Posted in Pest Advice on March 28, 2017

Good Spiders 

Most spiders are harmless and are beneficial; they catch flies and other insects that could pester us. But there are many people with a fear of spiders. This is maybe an evolutionary hangover from learning that some spiders have a painful bite. Nearly all spiders produce venom* but there are few spiders in New Zealand that can cause harm to humans.

New Zealand has only three spiders that have bites that can cause us concern for our health; the common White-tail spider, the rare native Katipo spider and its cousin the Australian Redback.
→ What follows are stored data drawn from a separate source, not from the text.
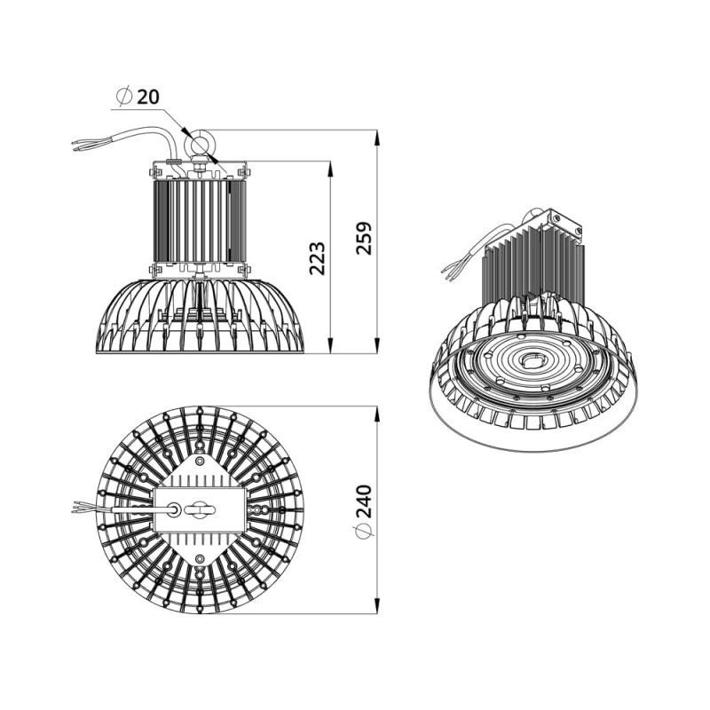 Корпус изготовлен из литого алюминиевого сплава, габаритные размеры Ø240×259 мм. Отлично рассеивает тепло выделяющееся при работе светодиодов. Электропитание от сети AC 176-264V 50Hz ± 10% через внешний металлический адаптер заполненный теплопроводным составом. Монтаж подвесной на рым-болт (опционально возможно крепление на кронштейн). IP67, УХЛ1.
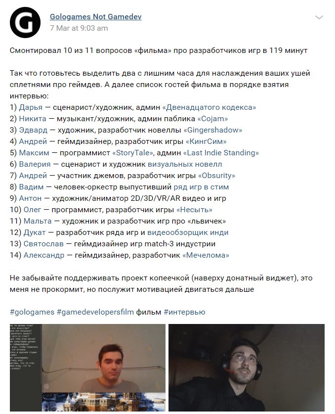 Посмотрел несколько минут. Потом фулл досмотрю, интересно послушать людей. Но интервью конечно говнарь похуже Дудя. Нахуя эти вопросы "почему ты этим занимаешься" и высеры по типу "игры же это недостойное занятие, лучше заняться наукой, а? А? А?!". По дефолта же понятно, что игры это не менее важная индустрия и увлечение, чем наука или срачи на дваче. Уж тем более ясно, что челики занимаются этим потому что им нравится и они кайфуют от всего этого дерьма. Короче говоря советую интервьюеру поработать над собой и дальше пробовать подобный формат или пойти нахуй. Как уж ему больше нравится
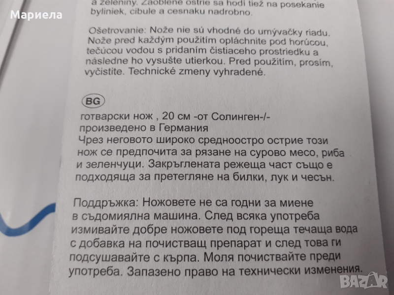 Голям нож Solingen Germаny 20см острие , Универсален нож , нож на готвача , нож за риба, снимка 1 - Прибори за хранене, готвене и сервиране - 34849356 Голям нож Solingen Germаny 20см острие , Универсален нож , нож на готвача , нож за риба, снимка 2 - Прибори за хранене, готвене и сервиране - 34849356 Голям нож Solingen Germаny 20см острие , Универсален нож , нож на готвача , нож за риба, снимка 3 - Прибори за хранене, готвене и сервиране - 34849356 Голям нож Solingen Germаny 20см острие , Универсален нож , нож на готвача , нож за риба, снимка 4 - Прибори за хранене, готвене и сервиране - 34849356 1/4
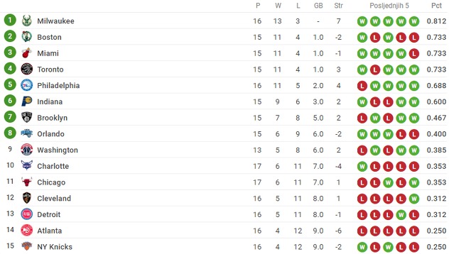 Tabela Istočne konferencije:
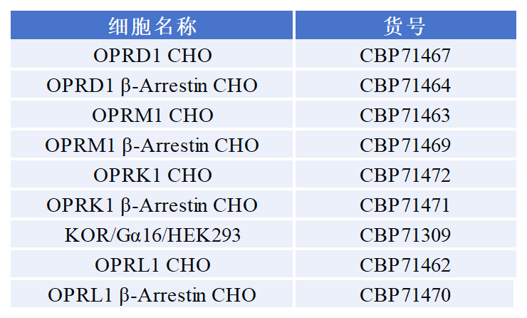 針對OPR及相關(guān)信號通路藥物的檢測,科佰生物及時開發(fā)了OPRM1,OPRD1,OPRK1,及OPRL1等細(xì)胞模型,助力OPR藥物的研發(fā)。

The Redback is also rare but becoming more common in New Zealand according to AgResearch scientists. The Redback and Katipo have powerful venom that can be very painful and on rare occasions, Redback bites can be life-threatening. However, the rapid administration of anti-venom has meant that no one has died from a Redback bite for more than 50 years in its native Australia.
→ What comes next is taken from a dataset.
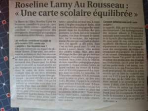 Consacrant les pages 2 et 3 de son édition du mercredi 1° avril à la carte scolaire, outre des entretiens avec des représentants syndicaux et des manifestants, La Montagne de l’Allier publie un entretien avec Md. la Dasen de l’Allier qui présente son argumentation en faveur de ce qu’elle appelle une « carte scolaire équilibrée ».
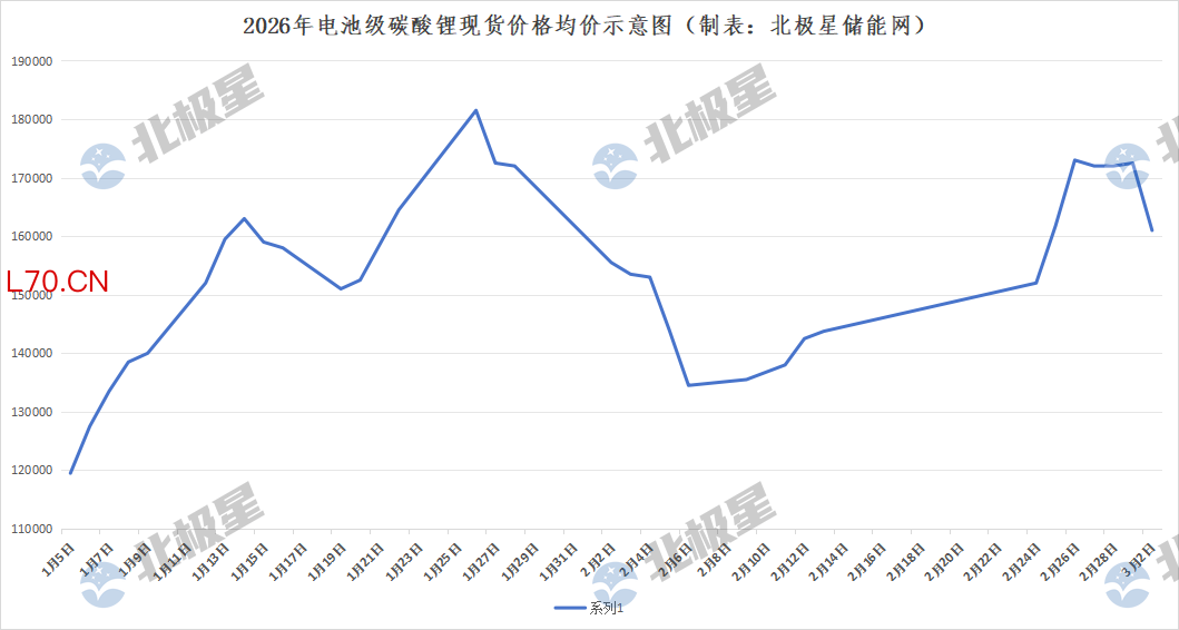 北极星储能网讯:2026年3月3日,公开平台显示,电池级碳酸锂现货价格均价断崖式下降了1.15万/吨,降至16.1万元/吨,降幅6.67%。

Whitetail spiderRedback spiderOrbweb spider
White tailed spider Australian redback spider female orb-web-spider.jpg

There is controversy over the risks posed by White-tail spiders. There is much hearsay evidence that the bite of a White-tail can cause ulceration and necrosis, but published studies of confirmed White-tail bites have not shown any link. It is accepted that their bite is painful and can cause localised swelling and itchiness.

White-tail spiders are hunting spiders. They hunt other spiders. Their normal habitat is among leaf litter, but they find our homes and buildings suitable for them to live and hunt. They often find an abundance of other spiders to feed on, and dark dry areas like roof voids to build their nests. The nest of a White-tail is a tangled mass of silk where they lay their eggs.

Insect and spider bites and stings, whether from wasps, blood-sucking insects, biting flies or spiders involve puncturing the skin and therefore some risk of infection. The infection can be directly from bacteria on the insect or spider mouthparts or from the subsequent invasion of disease organisms at the bite site. Because bites and stings often become itchy they often get scratched. Scratching can open up bites to infections that could be serious. Perhaps such infections are the source of the ulceration and necrosis reported following White-tail bites. Avoid scratching bites; application of antihistamines or topical steroids can reduce itchiness and swelling.

Spider bites can sometimes (but not often) be differentiated from bites of insects such as fleas or bed bugs. Spider bites involving venom usually causes pain prior to inflammation. Spiders use two fangs to bite and inject their venom, so it is sometimes possible to identify two puncture wounds very close together.

Spiders are a beneficial part of the natural ecosystem, but many people have a fear of spiders and, as discussed, some pose a risk to our health. Also, many spiders produce webs and webbing that can be unsightly around the eaves and gutters of houses or on fences and furniture.  A simple spider proofing treatment of a house can be carried out that will keep spiders outside and leave our homes spider free. Long-lasting insecticides such as NO Spiders Total Protection or NO Bugs Super can be used to get rid of spiders and keep them out. Spray around the exterior of a building where spider webbing is seen and where spiders could gain entry. Inside, spray the bottom and tops of walls, behind furniture and appliances and in voids such as roof spaces. NO Bugs Super Bug Bomb or NO Bugs Super Fumigator fumigators can be useful in hard to access areas such as the rood space and other voids around the home.

Keep spiders outside where they can benefit you and the environment but get rid of them in the house where they can be a nuisance and some bite.

*Only two spider families, Uloboridae and Holarchaeidae, are known to be non-venomous, i.e., lacking venom glands; however, their fangs can inflict infections spread through the skin, which in theory could represent more danger than from bites of non-lethal venomous spiders.